POLITICAL TRIAGE

Acciones locales, repercusiones globales

Montserrat Salomón. *Esta columna expresa el punto de vista de su autor, no necesariamente de La Razón.
Montserrat Salomón. *Esta columna expresa el punto de vista de su autor, no necesariamente de La Razón. Foto: La Razón de México

Hace tres meses que la República Democrática del Congo declaró que sufre de un brote de ébola. La tasa de letalidad del virus es de casi 50 por ciento de los infectados y en este tiempo han muerto más de dos mil 700 personas. El brote se extiende con mayor rapidez que cualquier otro y las alertas de la OMS se han disparado.

La triste realidad es que no hay recursos ni interés en afrontar esta crisis.
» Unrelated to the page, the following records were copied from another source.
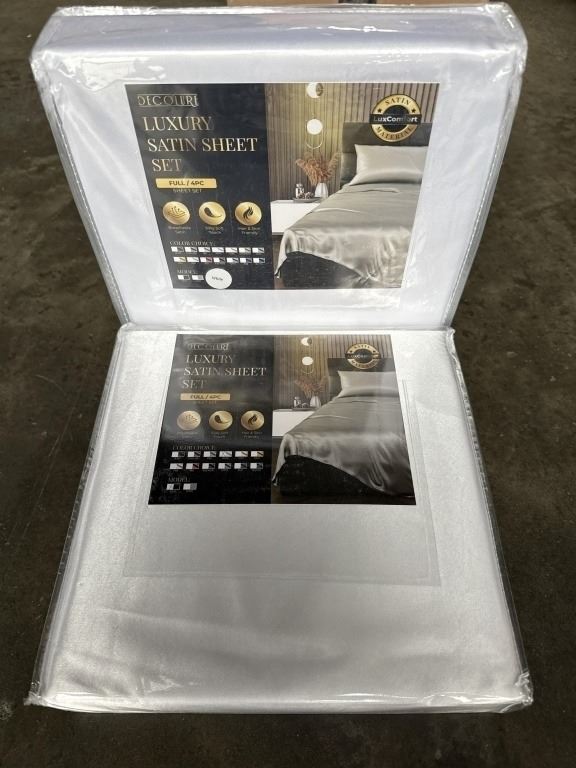 2 NEW FULL SIZE 4PC LUXURY SATIN SHEET SETS, WHITE
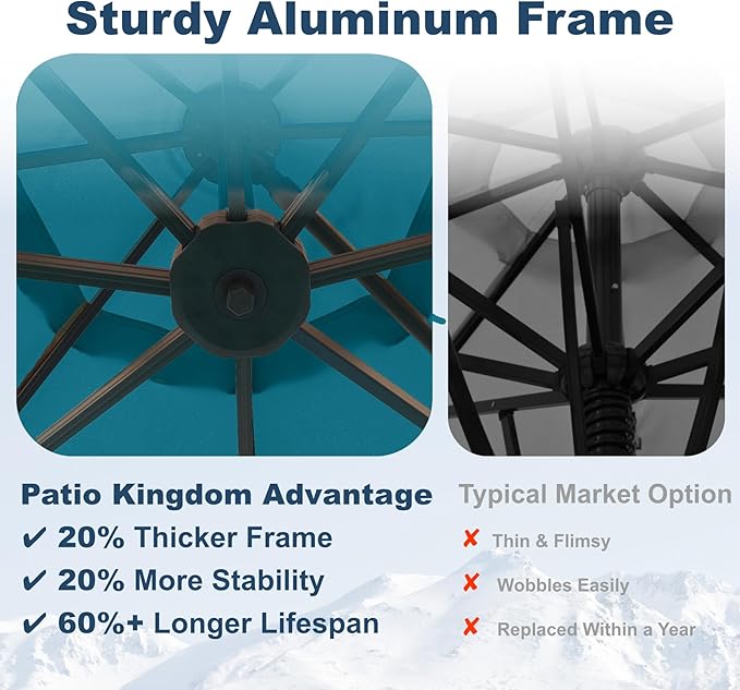 - Sturdy & Wind-Resistant Frame: Built with 8 heavy-duty aluminum ribs and a reinforced powder-coated aluminum pole, this umbrella ensures exceptional stability and durability. The vented top design enhances airflow, improving wind resistance and cooling the shaded area.
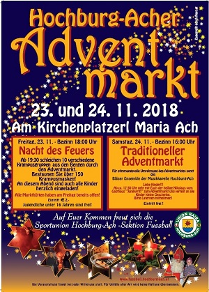 Der Adventmarkt der Sportunion Hochburg-Ach beginnt traditionell am Freitag vor dem Ewigkeitssonntag, dem 21. November 2025, um 17:00 Uhr mit der Nacht des Feuers am Kirchplatzerl Maria Ach. Alle Markthütten sind am Freitag bereits geöffnet. Gegen 19:30 Uhr schleichen zehn verschiedene Krampusgruppen aus den Bergen durch den Adventmarkt. Eintritt 2,- €, Jugendliche unter 16 Jahren frei.
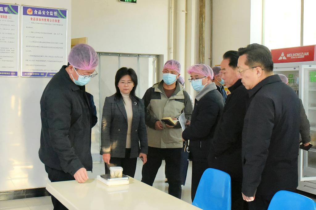 11月26日,甘肃省市场监督管理局二级巡视员刘燚、餐饮处副处长刘楠,甘肃省教育厅国资办二级主任科员蒲昊,陇南市市场监管局副局长赵凌云、餐饮食品监管科科长李芙蓉,陇南市教育局学生资助中心主任王娟一行来beat365检查指导食堂工作。学校校长李艳红、副校长李杰,相关部门负责人陪同检查。
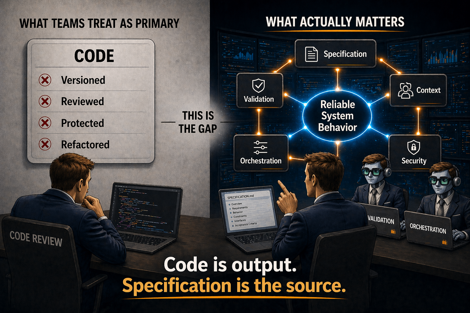 In engineered AI systems, the specification is the primary artifact. Code is generated output. A derivative, not the source of truth.

Los sistemas de salud locales no se dan abasto y la ayuda internacional llega a cuentagotas. No existe una vacuna actualizada para esta variante del virus y los científicos a cargo de desarrollarla no cuentan con apoyos económicos suficientes para el proceso. Del mismo modo, tampoco hay recursos para las instalaciones de servicios de limpieza y agua, lo que no ayuda a prevenir nuevos contagios.

Hemos retrocedido en el tiempo. Brotes anteriores fueron controlados con mayor eficacia porque la estructura de ayuda humanitaria era más robusta y contaba con una logística fuerte que hacía rendir esa inversión salvando vidas y evitando la propagación de las enfermedades. Sin embargo, el cierre de la agencia de cooperación estadounidense (USAID) y la desbandada de países donantes que siguieron el ejemplo norteamericano han provocado un recorte abrupto de casi el 80 por ciento del presupuesto para este tipo de emergencias sanitarias. Simplemente, no hay dinero ni personal para atajar la problemática.

Esta decisión local en Estados Unidos de privilegiar el desarrollo de tecnología y afianzar el tema de la seguridad nacional interna (migración) y externa, ha costado vidas. Luego vino la presión para que los gobiernos europeos hicieran lo propio y el resultado, según estima la revista The Lancet, serán 22 millones de muertes más de aquí al 2030.

La tragedia en el Congo es apenas la muestra de la crueldad de nuestros tiempos. Son personas que hemos decidido abandonar a su suerte. Este cálculo perverso que deja morir mientras se privilegia políticas que dividen y menosprecian a pueblos enteros, muestra la crisis moral en la que vivimos actualmente.

Si bien la pandemia del Covid nos enseñó que abandonar la prevención y la falta de cooperación global puede terminar en una tragedia sin precedentes en el mundo entero, una preocupación utilitarista o pragmática no basta cuando hablamos de seres humanos que sufren. Sí, sería sensato fondear a las organizaciones para prevenir otra pandemia, pero el ayudar al necesitado también ha de hacerse simplemente porque es bueno y justo.

Aún habiendo razones para pensar que conviene a occidente reinvertir en la salud global, hoy los intereses políticos están dirigidos a deshumanizar para polarizar y obtener réditos electorales a corto plazo. Una mala decisión por donde se mire.